Sandia LabNews

Nation is now better prepared for homeland defense, DHS Under Secretary McQueary tells Sandia audience

VP Mim John introducing Charles McQueary

Charles McQueary, Under Secretary for Science and Technology for the Department of Homeland Security (DHS), lauded contributions of the national laboratories to the nation’s safety in a speech delivered to an overflow audience on the eve of the third anniversary of the events of 9/11.

“We all know the world has irreversibly changed and homeland attacks are not only possible but probable,” McQueary told the audience gathered at the Combustion Research Facility auditorium. “But we are far from helpless. You are and continue to be our enduring capability.”

The fact that McQueary chose Sandia/California for his talk was an honor, said California Laboratory VP Mim John (8000) in introducing him.

“We’re very honored that he chose to come here to recount a recent history of one of the most tragic days in US history,” Mim said.

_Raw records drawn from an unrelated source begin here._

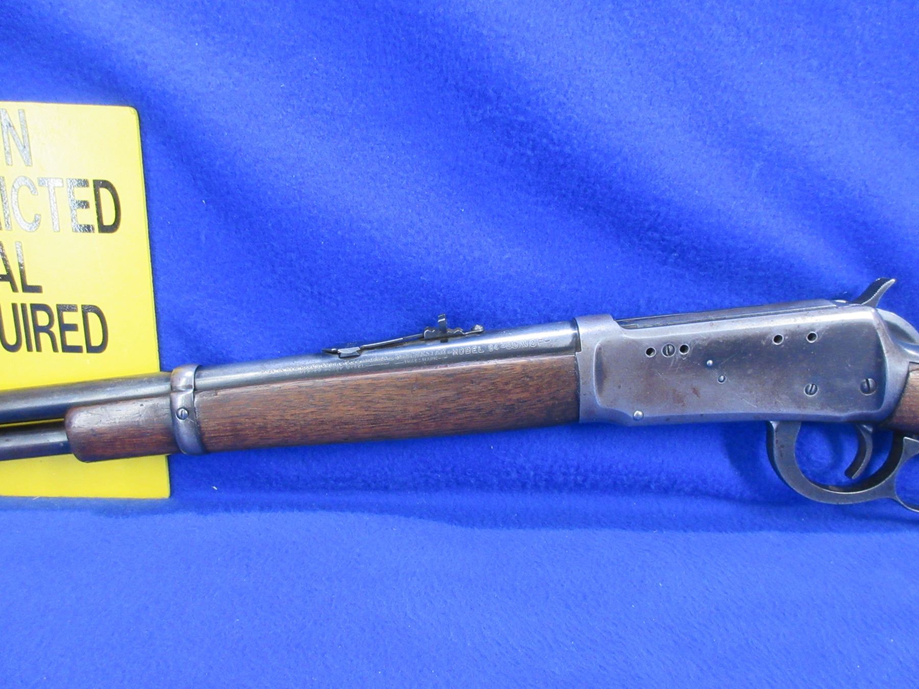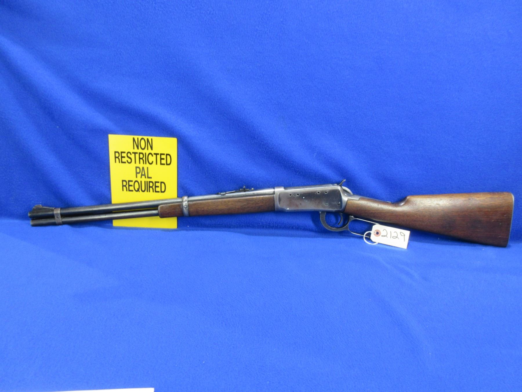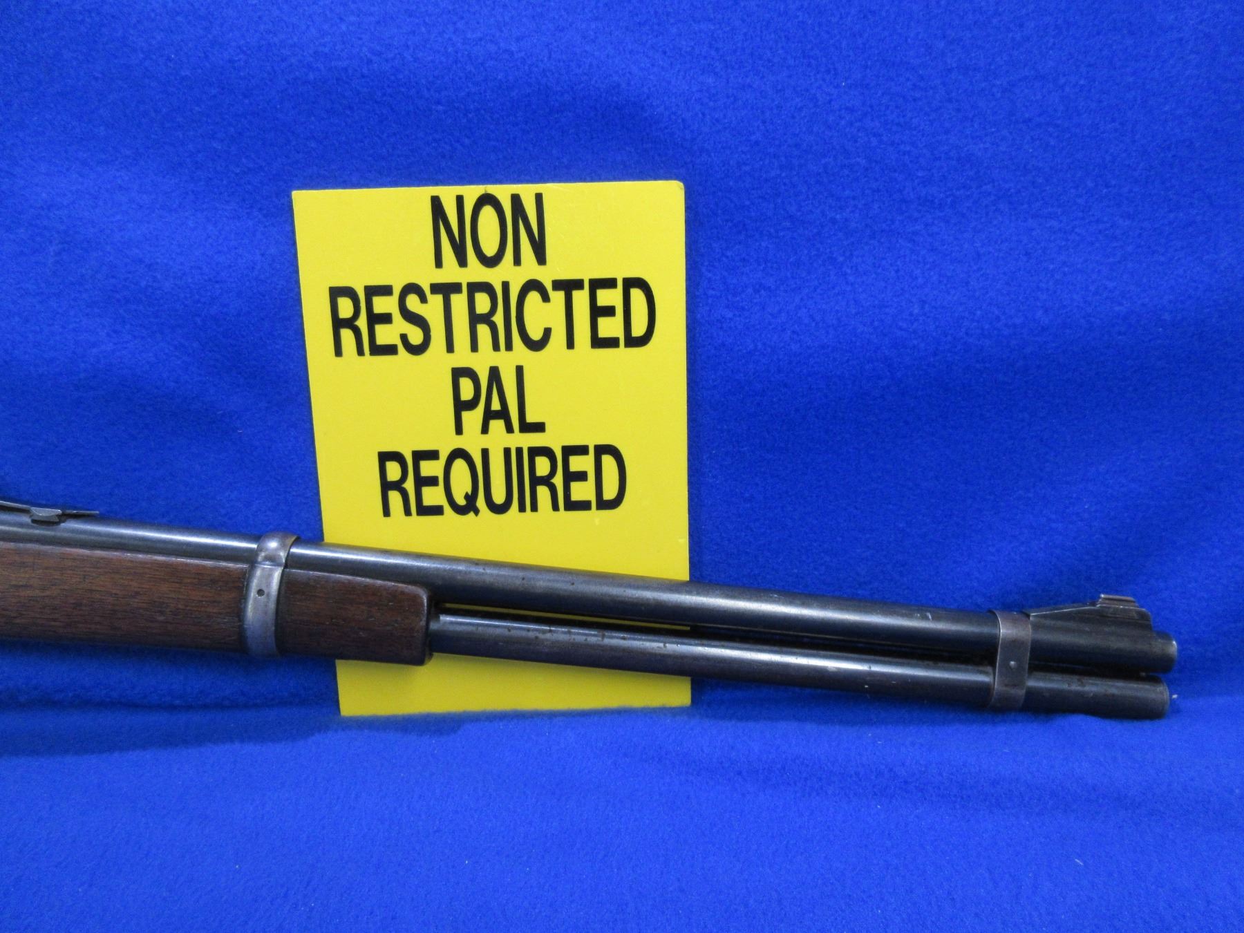 Non-Restricted - Winchester Model 94 in 30 WCF - Made in 1948, this lever action rifle with tube magazine appears to be in good to very good working order. Barrel is 20", rifling is good, bluing is turning grey or gone, has both sights, stock has a hairline crack at the back of the top tang, forearm is good to very good with usage marks, metal butt plate good. Ser #1490235
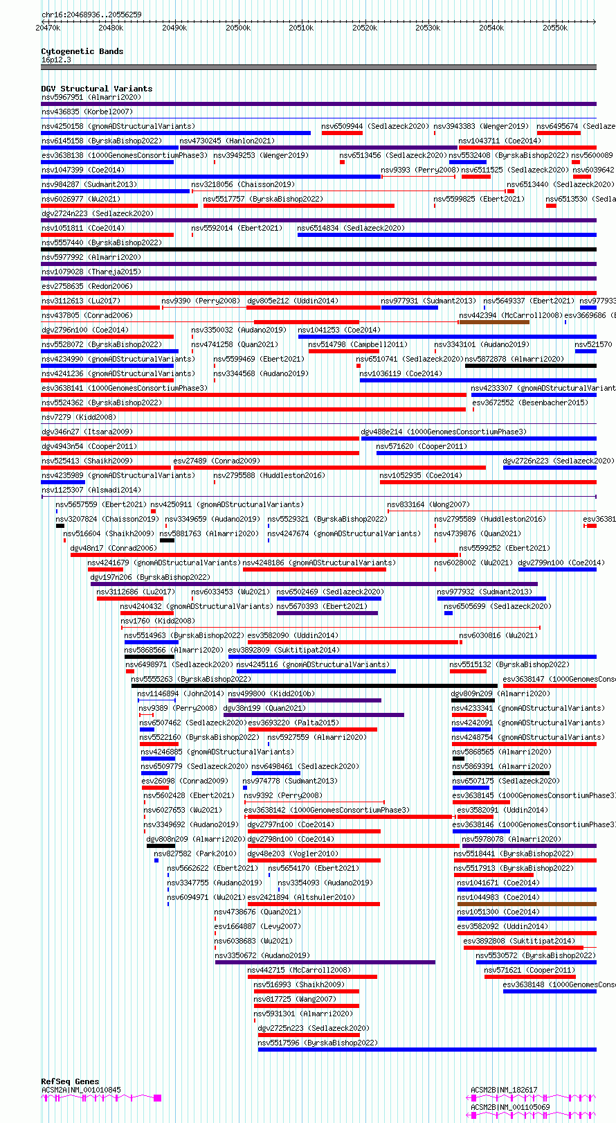 Variant DetailsVariant: nsv1125307| Internal ID | 19286692 | | Landmark | | | Location Information | | | Cytoband | 16p12.3 | | Allele length | | Assembly | Allele length | | hg38 | 87324 | | hg19 | 87324 |
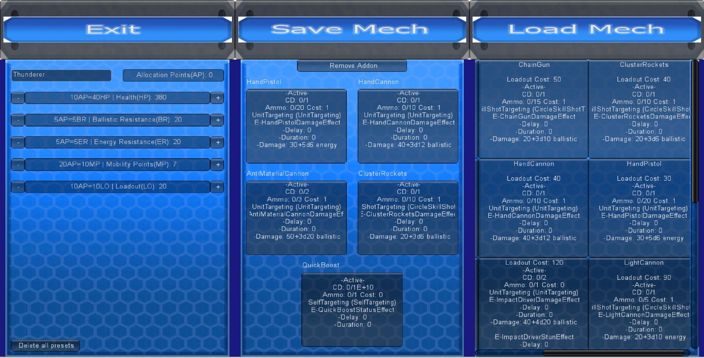 Special abilities were a key component when it came to balancing the weapons. Longer range weapons are innately more powerful, as they would allow players to attack with little fear of retaliation, especially on mechs with high mobility–likewise, a weapon with an AoE attack type would not only have greater range, but be capable of a higher relative damage output when used against multiple targets. As weapons deal a total of base and random damage, it was important to take into consideration abilities that could inflict one of these styles of damage. Take for example, a weapon that deals 40 base damage plus 3d20 random damage (meaning it deals 3 to 60 damage, which is then added to the base damage). If the weapon has an ability that deals its base damage twice, it will on average, be more powerful than if its random damage is rolled twice. However, in the case of the latter, it does have a chance of greatly out-damaging the former, and its power level must reflect this understanding.
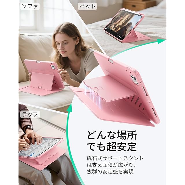 【超安定スタンド】:広いカバー面と強力なマグネットブラケット設計により、机やソファ、ベッド、膝上などどの場所でも安定して立てられ、滑りにくく安心です
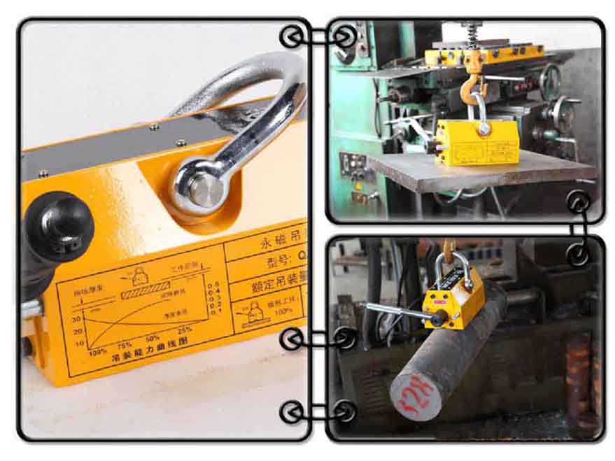 High-performance magnetic materials are used to make it smaller, lighter and stronger. Unique magnetic circuit design, remanence is almost zero. The maximum pull-out force is 3.5 times the rated lifting gravity. The handle switch is equipped with safety button, which can be operated by one hand and is convenient and safe. The bottom of the crane has a V groove design, which can hoist the corresponding round steel and steel plates. No electricity, permanent magnetic force, safe use. It can be widely used for lifting and transporting of steel, leveling of mechanical parts, and installation and transporting of various abrasives in the field.
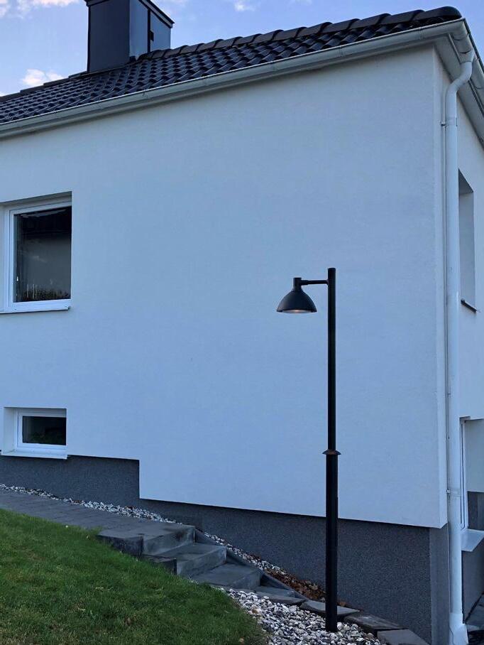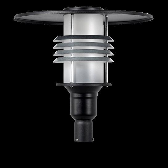 Stolparmatur med rotationssymmetrisk ljusbild. Varmgalvaniserad alt. pulverlackerad stomme, diffuserad med bländskydd i frostad akryl. Passar för bruk både i privat och offentlig miljö.
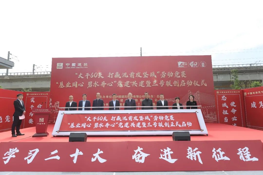 活動現(xiàn)場,濟(jì)南市城鄉(xiāng)水務(wù)局、濟(jì)南市排水服務(wù)中心、濟(jì)南市市中區(qū)水務(wù)局、中建山東投資有限公司、中建(濟(jì)南)投資建設(shè)有限公司、中建八局濟(jì)南雨污分流項(xiàng)目各黨支部開展黨建共建活動,并進(jìn)行黨建共建揭牌。參會領(lǐng)導(dǎo)為“黨員先鋒號、工人先鋒號、青年文明號”“道路突擊隊(duì)、河道突擊隊(duì)、建筑小區(qū)突擊隊(duì)”授旗。
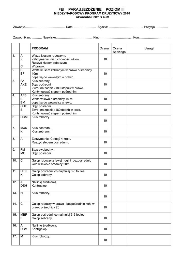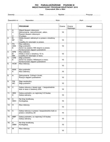 FEI PARAUJEŻDŻENIE POZIOM III MIĘDZYNARODOWY PROGRAM DRUŻYNOWY 2010 Czworobok 20m x 40m Zawody:………………………………… Data: ………………… Sędzia: ……….…………………... Pozycja ………… Zawodnik nr: ………. Nazwisko:…………………………….. Klub:………………………......Koń:………………………… PROGRAM 1. 2. 3. 4. 5. 6. A X C B BF FA AKE E AFB B BM CHE E HCM Wjazd kłusem roboczym. Zatrzymanie, nieruchomość, ukłon. Ruszyć kłusem roboczym. W prawo. Wolta kłusem zebranym w prawo o średnicy 10m Łopatką do wewnątrz w prawo. Kłus zebrany. Stęp pośredni. Zwrot na zadzie (180 stopni) w prawo. Kontynuować stępem pośrednim Kłus zebrany. Wolta w lewo o średnicy 10 m. Łopatką do wewnątrz w lewo. Stęp pośredni. Zwrot na zadzie (180stopni) w lewo. Kontynuować stępem pośrednim Kłus roboczy. Ocena 10 10 10 10 10 10 7. 8. 9. 10. 11. 12. 13. MXK K Kłus pośredni. Kłus zebrany. 10 A Zatrzymanie. Cofnąć 4 kroki. Ruszyć stępem pośrednim. 10 FM MC Stęp swobodny. Stęp pośredni. 10 C HEK K Galop roboczy z lewej nogi i bezpośrednio koło w lewo o średnicy 20m . Galop pośredni, co najmniej 3-5 foulee. Galop zebrany. A DEH Na linię środkową. Kontrgalop. H Kłus roboczy. 10 10 10 10 14. 15. 16. 17. C Galop roboczy w prawo i bezpośrednio koło w prawo o średnicy 20 10 MBF F Galop pośredni, co najmniej 3-5 foulee. Galop zebrany. 10 A DBM Na linię środkową. Kontrgalop. 10 M Kłus roboczy. 10 Ocena Sędziego Uwagi Poziom III Międzynarodowy Program Drużynowy Zawodnik nr: ………. Nazwisko:…………………………….. Klub:………………………......Koń:………………………… Program 18. HXF ocena ocena sędziego uwagi Kłus pośredni 10 19. 20 A X Na linię środkową. Stęp pośredni. G Zatrzymanie, nieruchomość, ukłon. 10 10 Razem 200 OCENY OGÓLNE 1. Chody (swoboda, regularność) Uwagi ogólne: 10 2. 3. 4. Aktywność (dążność do ruchu naprzód, elastyczność kroków, rozluźnienie grzbietu, zaangażowanie zadu) 10x2 Posłuszeństwo ( uwaga i zaufanie, harmonia, lekkość i łatwość wykonania, przyjęcie kiełzna, lekkość przodu) 10x2 Wyczucie jeździeckie, umiejętności jeźdźca, poprawność wykonania. 10x2 Punkty do odjęcia Pomyłki: pierwsza = 2 punkty druga = 4 punkty trzecia = eliminacja Podpis sędziego: RAZEM 270 Wynik końcowy %:
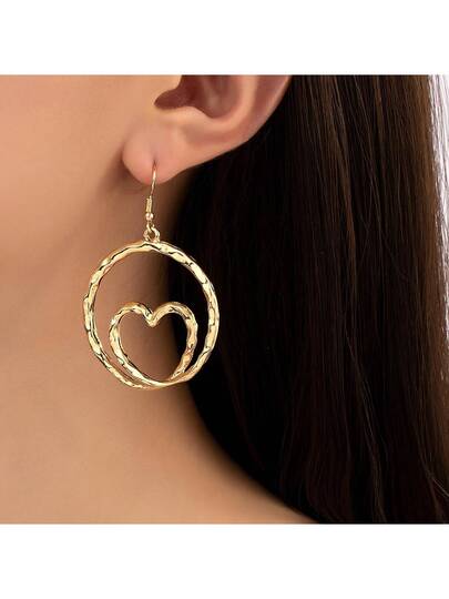 1 对简约女士心形耳环 - 金黃色 - 查看 4
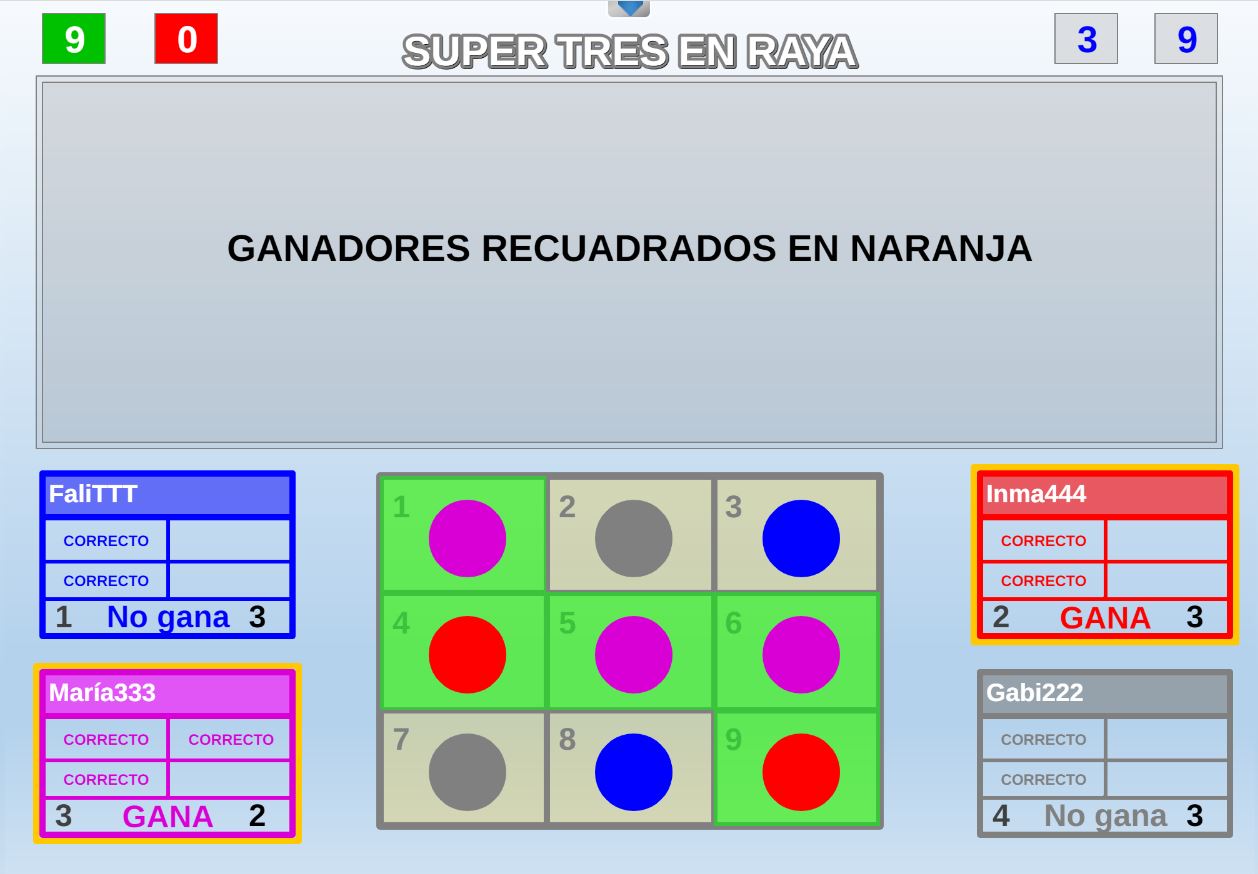 Versión del juego clásico de tres en raya, en el que pueden participar hasta cuatro jugadores cuyo objetivo es conseguir colocar tres fichas en raya de forma individual o aliándose con otro jugador.

She concurred with his acknowledgement of national laboratory employees, saying they have “dedicated themselves to this new mission with their heart and souls.”
McQueary said it is a joy to discuss the advances made by the laboratories as he leads the research and development arm of DHS. He was confirmed by the Senate to this appointment in March 2003. His role is to use the nation’s scientific and technological resources to provide federal, state, and local officials with defensive technology and capabilities.

As part of the nation’s science and technology infrastructure, he said the laboratories responded quickly to the events of 9/11. Areas of contribution include hardening transportation, creating systems for early warning of possible biological attack, preparing radiological and nuclear defenses, and developing detection and countermeasure capabilities.

Projects being pursued through DHS include BioWatch, deployed over the last 18 months, which he said provides some protection to nearly 70 percent of the nation’s population because they live near an area it covers.

BioWatch continually monitors air in more than 30 major cities, using a system that draws air over filter paper to trap particles for testing. A second-generation system in the works is geared for frequent sampling with little maintenance.

PROTECT, Program for Response Options & Technology Enhancements for Chemical/Biological Terrorism, is in place in the Washington, D.C., and Boston subway systems, where monitors help authorities reduce the risk of casualties in the event of a chem/bio attack. Information received by the monitors can cue operators to halt trains and shut off ventilation systems to limit exposure to an agent. On an average work day, some 1.3 million subway passengers in both cities are covered by this system.

Modeling and simulating information about threats enhances efficiency in a couple of ways. The simulation permits virtual, and hence, more affordable testing. It also provides a cost-effective and convenient way to conduct training. One such venue for use of this capability, McQueary mentioned, is the Atmospheric Modeling and Simulation Center at Lawrence Livermore National Laboratory.

The DHS is involved in a collaboration to develop biometric capabilities, he added, for fingerprint identification, iris scanning, and facial recognition systems. The collaboration involves the United Kingdom, Australia, and Canada and may expand to 45 nations.
A travel security initiative, meanwhile, should address several pressing issues, including the threat of terrorism, animal disease and defense, food security, and behavioral aspects.

Through such projects that draw upon critical partnerships between government entities at all levels, industry, and academia, McQueary said, “The nation is far better prepared . . . These developments are making the nation safer.”